Department of Health officials on Thursday announced that leaders of five Williamsburg yeshivas violated an emergency order prohibiting non-vaccinated students from attending school amid a growing outbreak of the measles, which already infected at least 21 youngsters at a sixth yeshiva after educators let a sick kid in class.
The city’s chief physician reiterated the importance of inoculating children against the potentially fatal illness, warning that the disease will continue to claim new victims while Kings County youngsters remain unvaccinated.

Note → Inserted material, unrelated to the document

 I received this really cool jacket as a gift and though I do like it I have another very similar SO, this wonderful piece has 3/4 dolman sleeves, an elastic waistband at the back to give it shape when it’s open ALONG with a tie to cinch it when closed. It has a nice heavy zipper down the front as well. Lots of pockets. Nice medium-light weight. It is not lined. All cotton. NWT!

“As the city’s doctor, and a pediatrician, I am very concerned that children without the measles vaccination are at unnecessary risk for serious, and potentially fatal symptoms related to measles,” said Health Commissioner Dr. Oxiris Barbot. “The outbreak is not over, and we will continue to see additional cases as long as unvaccinated students are not properly excluded from attending school.”

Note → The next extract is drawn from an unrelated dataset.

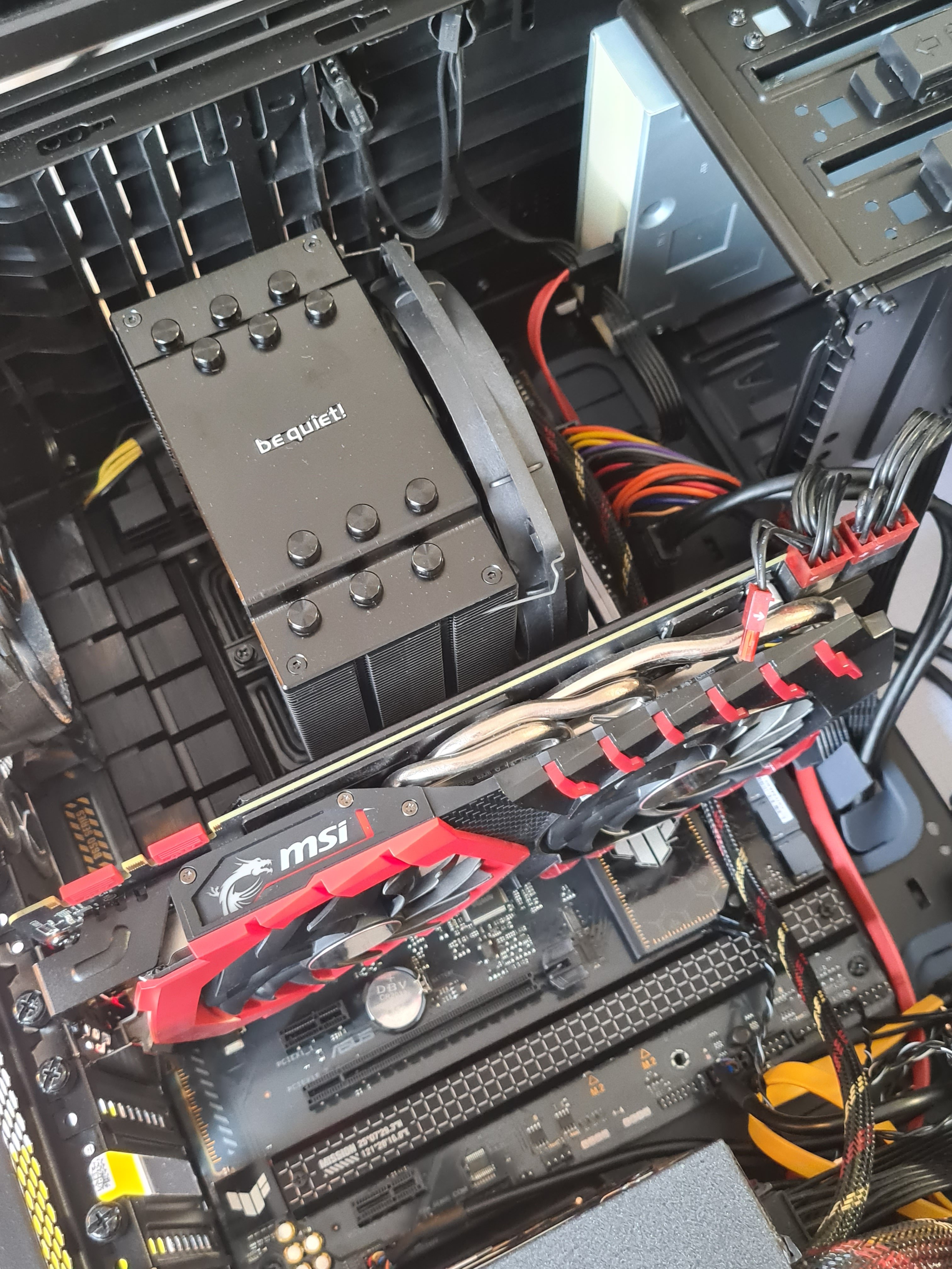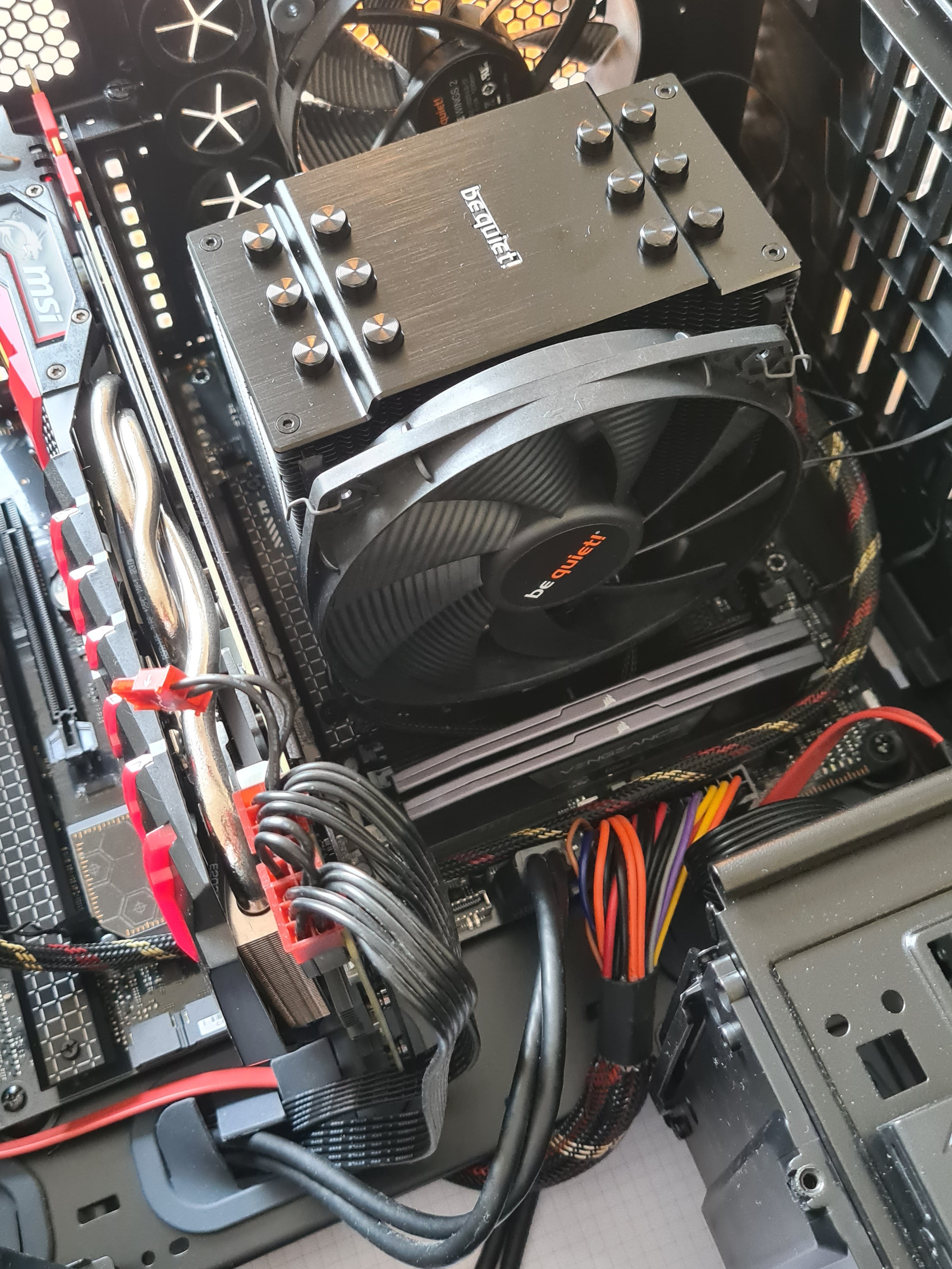 Was ich noch gesehen hab, wenn das System mal laufen sollte, der hintere Gehäuselüfter ist verkehrt eingebaut.

The five new offending yeshivas include:
• Bnos Square of Williamsburg at 382 Willoughby Ave. between Bedford Avenue and Spencer Street.
• Bnos Chayil at 712 Wythe Ave. between Keap and Hooper streets.
• Bnos Chayil at 345 Hewes St. between S. Fifth Street and Broadway.
• Tuferes Bnos at 585 Marcy Ave. between Myrtle and Vernon avenues.
• Sieche Kinder at 808 Myrtle Ave. between Marcy and Nostrand avenues.
And in addition to finding unvaccinated students, city health inspectors found kids infected with measles in classrooms at three of the five. Health Department officials slapped all of the schools with a commissioner’s order, which could lead to fines if the yeshivas’ staff do not follow the so-called “exclusion order” issued in December to stem the spread of the disease.
It is currently too early to tell whether the schools’ indiscretions led to any additional measles cases, according to Health Department spokesman Michael Lanza, who said the audits that uncovered the violations occurred last week.
Thursday’s announcement came weeks after city health officials revealed that educators at Williamsburg’s Yeshiva Kehilath Yakov on Wilson Street allowed a mini outbreak to plague the school, by permitting an unvaccinated, pre-symptomatic student infected with the virus to attend class.
The borough-wide measles outbreak — which officials traced to a Brooklyn resident who contracted the virus in October while visiting Israel, where the illness infected more than 1,000 people — has spread to some 157 local victims, including 137 children, all of whom are members of the Orthodox Jewish community, according to Lanza.
The highly contagious airborne pathogen produces symptoms including fever, cough, and a runny nose, and can cause diarrhea, ear infection, pneumonia, encephalitis, and death — with about 1 of every 1,367 kids infected dying due to fatal complications from measles.
Symptoms can appear anytime from seven to 21 days following exposure, according to the Health Department.